Three roles: data owner (executive-level, sets policies), data steward (business-side, executes day-to-day data tasks), IT (deploys and manages tooling).

AWS Glue DataBrew provides visual, no-code data profiling and lineage tracking. AWS Glue Data Catalog stores metadata centrally (populated manually or by Glue crawlers). AWS Glue Data Quality lets non-coders define quality rules with ML-assisted anomaly detection. AWS Lake Formation manages fine-grained access control at the column, row, and cell level; permissions are checked before any query via Athena, Glue, EMR, or Redshift.

For training data lifecycle cost: S3 Lifecycle rules automate transitions between storage classes. Example: Standard at day 0, Standard-IA at day 5, Glacier Deep Archive at day 120, deletion after 5 years.

The GenAI Security Scoping Matrix

The Generative AI Security Scoping Matrix defines how much governance responsibility you carry based on how you're building:

Scope 1 - Consumer App: ChatGPT, Midjourney. Requires usage guidelines and compliance monitoring.
Scope 2 - Enterprise App: Salesforce Einstein GPT. Adds data flow understanding and regulatory alignment.
Scope 3 - Pre-trained Models: Amazon Bedrock base models. Adds a governance framework and training data understanding.
Scope 4 - Fine-tuned Models: Bedrock customized models, SageMaker JumpStart. Adds access control; model inherits data classification of fine-tuning data.
Scope 5 - Self-trained Models: Amazon SageMaker. Adds full data governance; model inherits data classification of all training data.
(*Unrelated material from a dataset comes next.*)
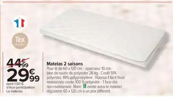 En plus de l'offre Matelas 2 saisons, Carrefour propose une large gamme de produits. Consultez le Catalogue Carrefour hebdomadaire pour découvrir les meilleures offres et promotions. En plus de Matelas 2 saisons, il y a aussi : Tex - matelas 2 saisons, Potage des 4 saisons & Couette 4 saisons.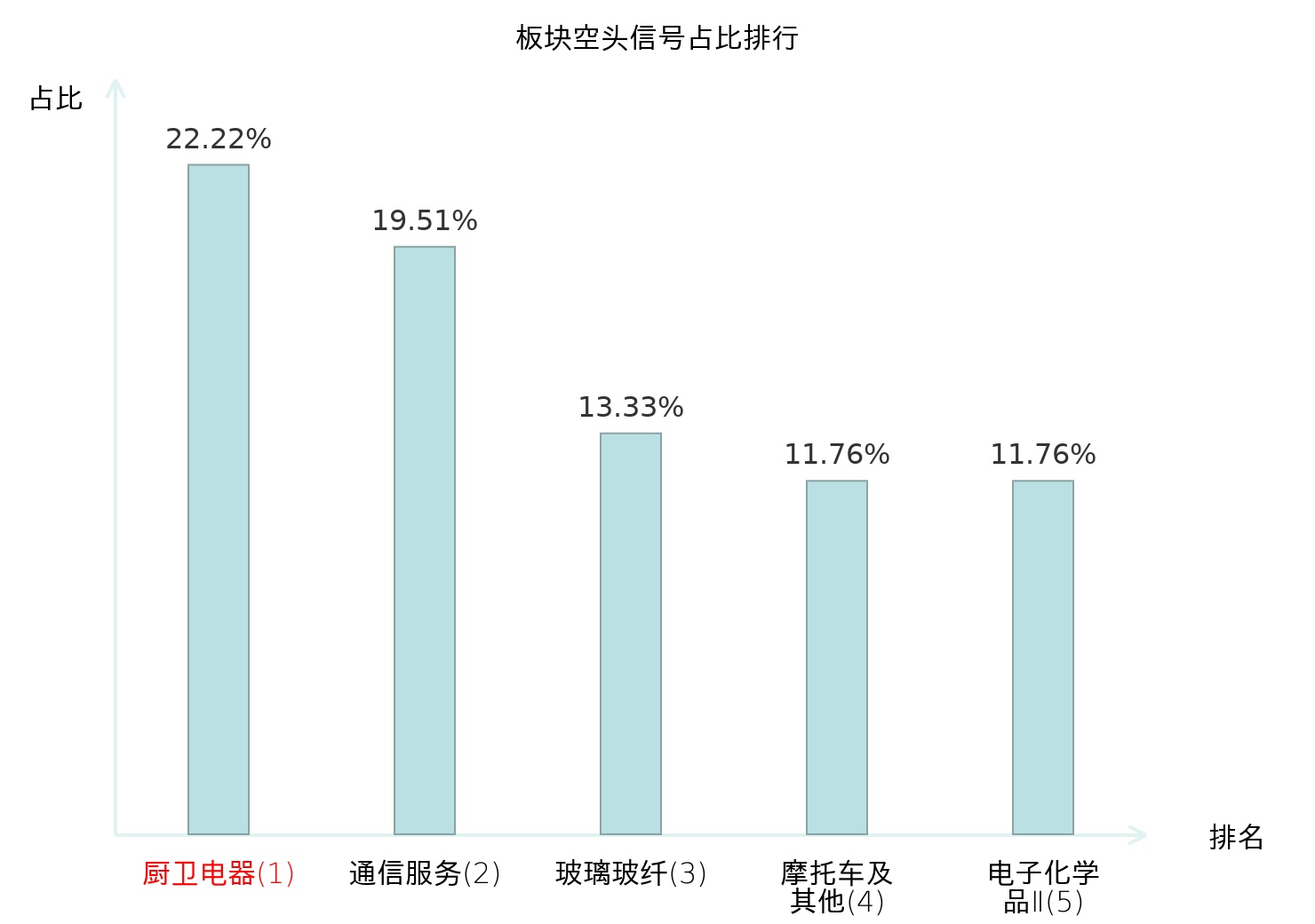 全市场所有行业板块中主力空头信号占比排名中,厨卫电器板块位居第一。家电零部件Ⅱ板块名次提升最快,较昨日上升121位。

The strategy: minimize scope. Start with fully managed AWS AI services (Amazon Comprehend, Amazon Translate). If those don't fit, use Bedrock with RAG. If domain specificity is needed, fine-tune. Only train from scratch when nothing else meets requirements.

Practical Takeaways

Security for AI workloads follows the same shared model as everything else on AWS, with AI-specific additions: attack vectors at the data layer (poisoning) and inference layer (adversarial inputs, prompt injection), plus the compliance complexity that a model inherits the data classification of whatever trained it.

The scoping matrix is the most useful concept from this domain. Determine scope before building. If you can stay at Scope 2 or 3, do it. Lower scope means less compliance overhead and faster time to ship.